Идешь и пытаешься с ходу отличить кедр от здешней сосны. С ходу не получается. С виду они очень схожи, что не сразу понимаешь, кто есть кто, пока не начинаешь с усердием первоклашки пересчитывать хвоинки в пучках. Вроде как эксперимент такой, у кого больше получится. Подсчетами удивлены были крайне — у кедра хвоинок до нескольких десятков в одном пучке вырасти может, и по спирали они закручиваются, у сосны максимум до пяти счет идет. Оттого словами мультяшного Шарика лохматость у кедра повышена.
Наверху, на смотровой площадке, мило улыбаясь, встретили нас маленькие снежные существа, вылепленные старательно кем-то с любовью. Даже снеговиками их сложно назвать. Ведро на голове заменил задорно торчащий еловый пучок, а вместо морковки — кедрово-еловая шишка. Глазки-пуговки на вылупе тоже шишкастые.
Ни дать ни взять, эдакие снеговички с мордочками мелкой, суетливой собачки.
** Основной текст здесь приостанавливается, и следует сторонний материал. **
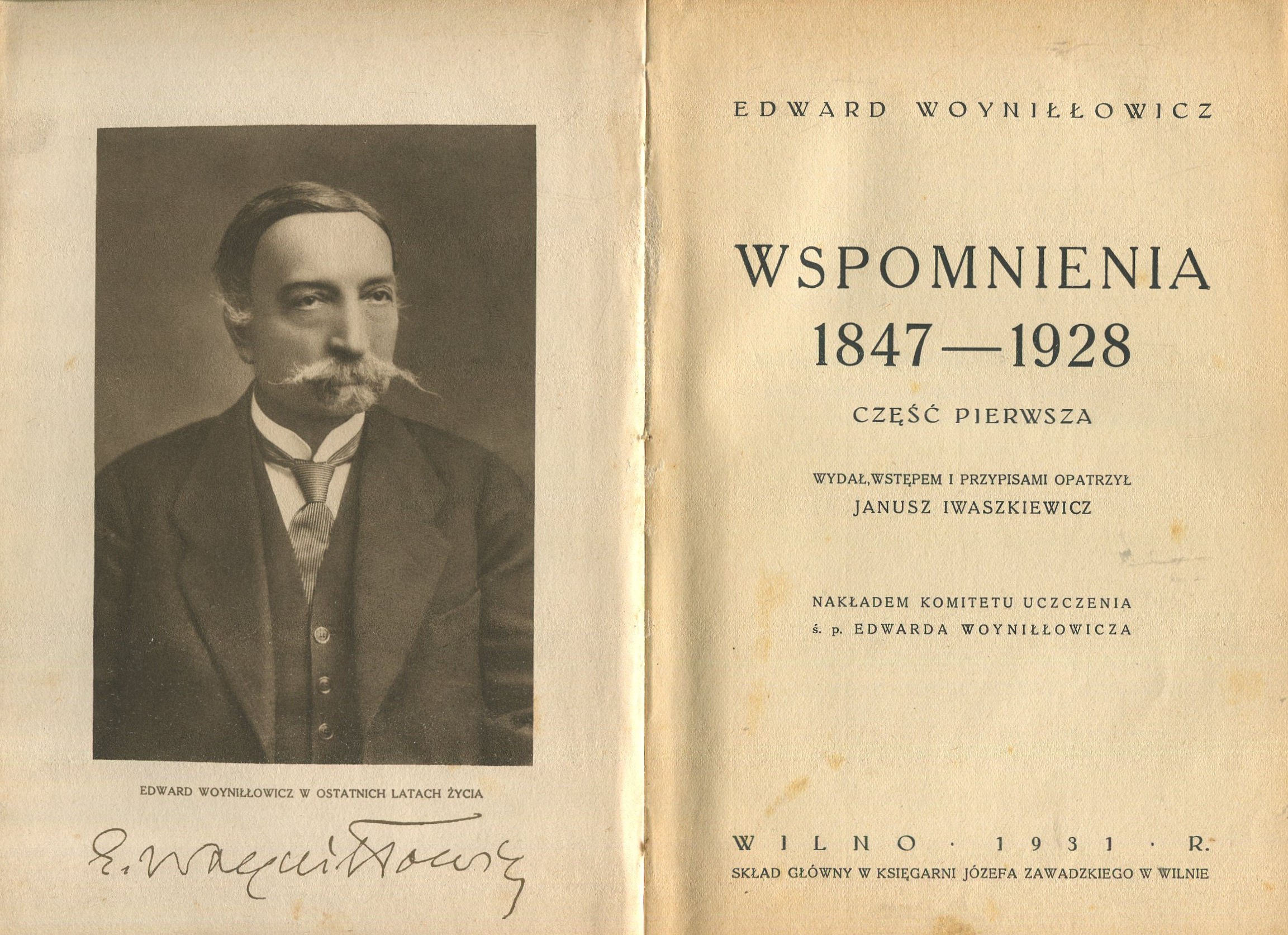 Wilno 1931. Nakładem Komitetu Uczczenia śp. Edwarda Woyniłłowicza. 15x23 cm, str. XXIV, 365, (2), fotografie w sepii na oddzielnych kartach, półpłócienna oprawa introligatorska. Stan dobry (niewielkie rdzawe zaplamienia części stron, otarcia i przybrudzenia oprawy).

Некоторые смахивали мордахами на насупленную, вечно недовольную диванной жизнью бульдожку. Ну, еще бы, посиди-ка тут на морозе, незнамо сколько, пока тебя солнышко не растопит. Солнце и впрямь совсем не грело, стояло низко, уткнувшись в пелену, и за спинами снежного «зверинца» матово озаряло притихший Чивыркуйский залив.
Мирным спокойствием веяло и от леса на самой вершине горы. Тишь такая — ни одно дерево не шелохнется, не скрипнет. Молчит лес, скованный одеялом ледяных узоров на поникших под корками снега ветках.
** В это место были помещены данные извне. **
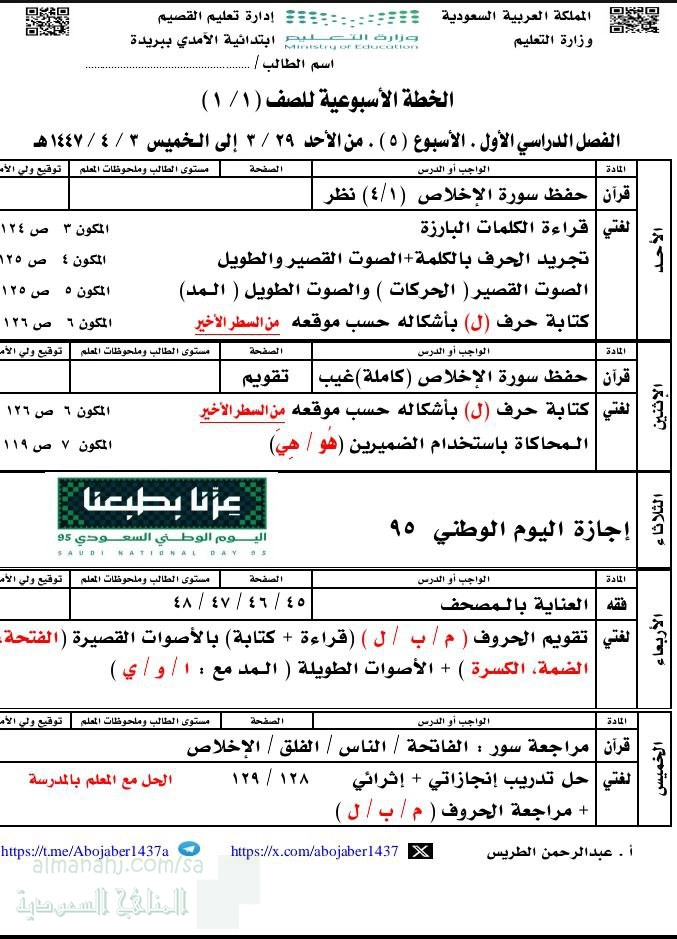 معلومات الملف: الخطة الأسبوعية للأسبوع الخامس من الأحد 923 حتى الخميس 2/4/1447ه من الفصل الأول في مادة القرآن الكريم | ||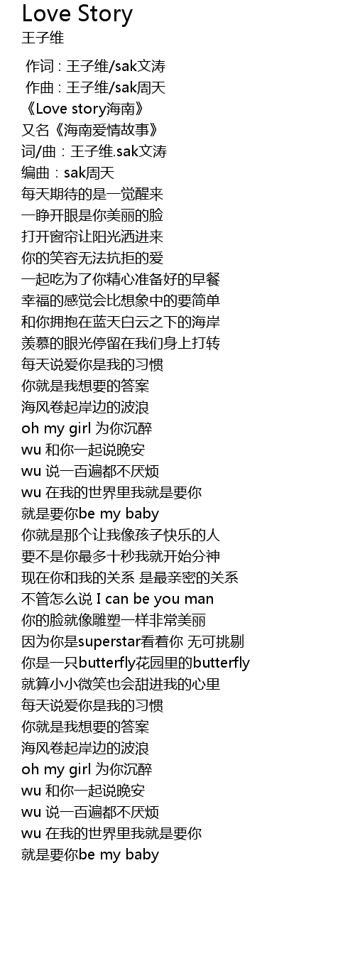 | [00:01.941] | Love story hai nan |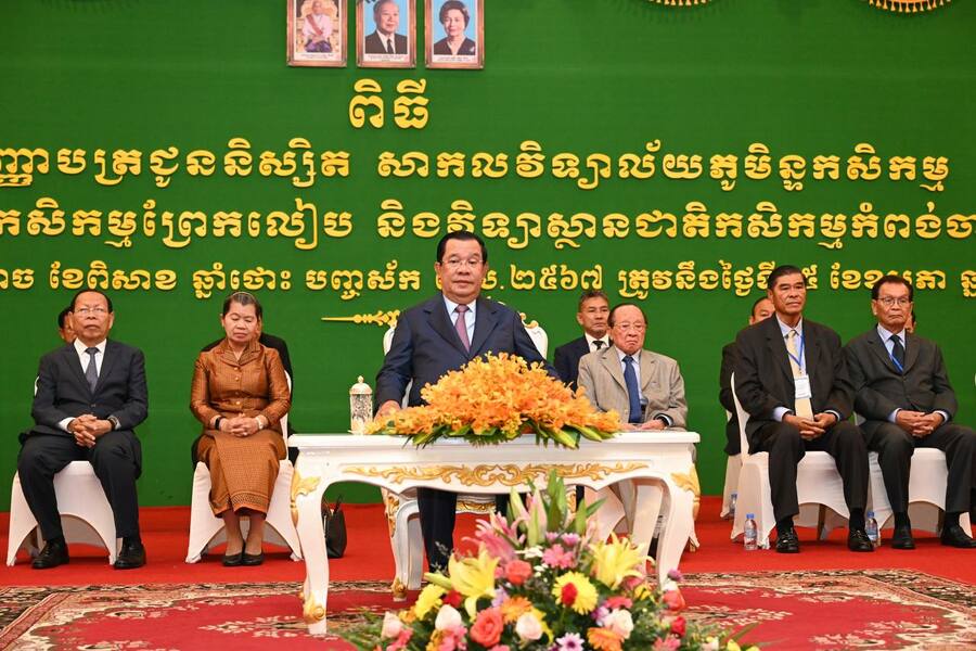 ក្នុងពិធីប្រគល់សញ្ញាបត្រ ជូននិស្សិតបញ្ចប់ការសិក្សាផ្នែកកសិកម្ម ជាង៣ ០០០ នាក់ នាព្រឹកថ្ងៃទី១៥ ខែឧសភា ឆ្នាំ២០២៣ នៃសាកលវិទ្យាល័យភូមិន្ទកសិកម្ម នៅមជ្ឈមណ្ឌលសន្និបាត និងពិព័រណ៍កោះពេជ្រ សម្ដេចតេជោ ហ៊ុន សែន បានថ្លែងថា មកដល់ថ្ងៃនេះ នៅសល់តែរយៈពេលពីរថ្ងៃទៀតតែប៉ុណ្ណោះ ដែលបញ្ចប់បុណ្យរបស់ប្រជាជាតិខ្មែរទាំងមូល ដែលកំពុងធ្វើជាម្ចាស់ផ្ទះនៃការប្រកួតកីឡាស៊ីហ្គេមដ៏ជោគជ័យ។ សម្ដេចតេជោថ្លែងបញ្ជាក់ថា៖ «ការប្រកួតកីឡាស៊ីហ្គេមនេះ យើងមិនមែនគិតបញ្ហាឈ្នះ ចាញ់ ជ្រុលហួសហេតុពេកនោះទេ ប៉ុន្តែអ្វីដែលយើងគិតធំបំផុត គឺគិតទៅដល់ការធ្វើជាម្ចាស់ផ្ទះ ដែលផ្ដល់ឱ្យភ្ញៀវមកកាន់ប្រទេសរបស់យើង ទទួលបាននូវសេចក្ដីសុខ និងការស្វាគមន៍ពីសំណាក់ប្រជាពលរដ្ឋរបស់យើង»។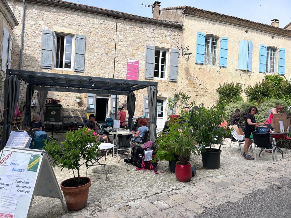 Marsolan, micro village, qui ne vous dit rien, mais qui se trouve idéalement placé à 9 km du départ : autant vous dire que tous les marcheurs s’arrêtent pour faire une pause, boire un café, acheter les sandwiches. Il y en a même deux qui se délestent de leur trop-plein. Il se trouve que le café du village fait aussi relais Colissimo. Elles en profitent pour se peler et envoyer des colis chez elle du trop plein emporter par peur de manquer mais qu’il faut porter. On n’en avait toujours entendu parler mais on ne l’avait jamais vu.

И только одна одинокая сосна, раскинув над обрывом заиндевевшие корявые ветви, стояла гордо в стороне в грёзах… о далекой пальме. Не хотелось ей расти в толпе, где и света мало, и простора нет. Или не сосна вовсе, быть может, ель, как у классика немецкой поэзии: «Ein Fichtenbaum steht einsam Im Norden auf kahler Höh…». А и чем Бурятия не север, вон какие морозы стоят.
Между прочим, стихотворение Гейне не прошло мимо наших классиков, обозначивших в переводах свои дендрологические предпочтения. Тютчеву милее оказался кедр: «На севере мрачном, на дикой скале кедр одинокий под снегом белеет…». Что ж, вполне жизненно. Михаилу Юрьевичу пришлась по душе больше сосна: «На севере диком стоит одиноко на голой вершине сосна…». Тоже неплохо. Что кедр, что сосна, что ель — из одного семейства будут. Но дальше всех Афанасий Фет пошел, отдав первенство… дубу: «На севере дуб одинокий стоит на пригорке крутом…». Ничего себе, где ель, а где дуб. Так и дуба можно невзначай дать, ежели знать первоисточник…
Чивыркуйский залив. Остров Малый Калтыгей
Нас уже ждет транспорт, чтобы с ветерком помчаться дальше. Нет, не по дороге, а по самому заливу. И не на лошади, заиндевевшей от ожидания ездоков. Уж не в автомашине ли, на какой обычно рассекают по льду где-то месяцем позже. Но лед еще только-только установился, и не до такой степени, чтобы выдержать ее. Тогда на чем? Альтернатива автомобилю и лошади есть!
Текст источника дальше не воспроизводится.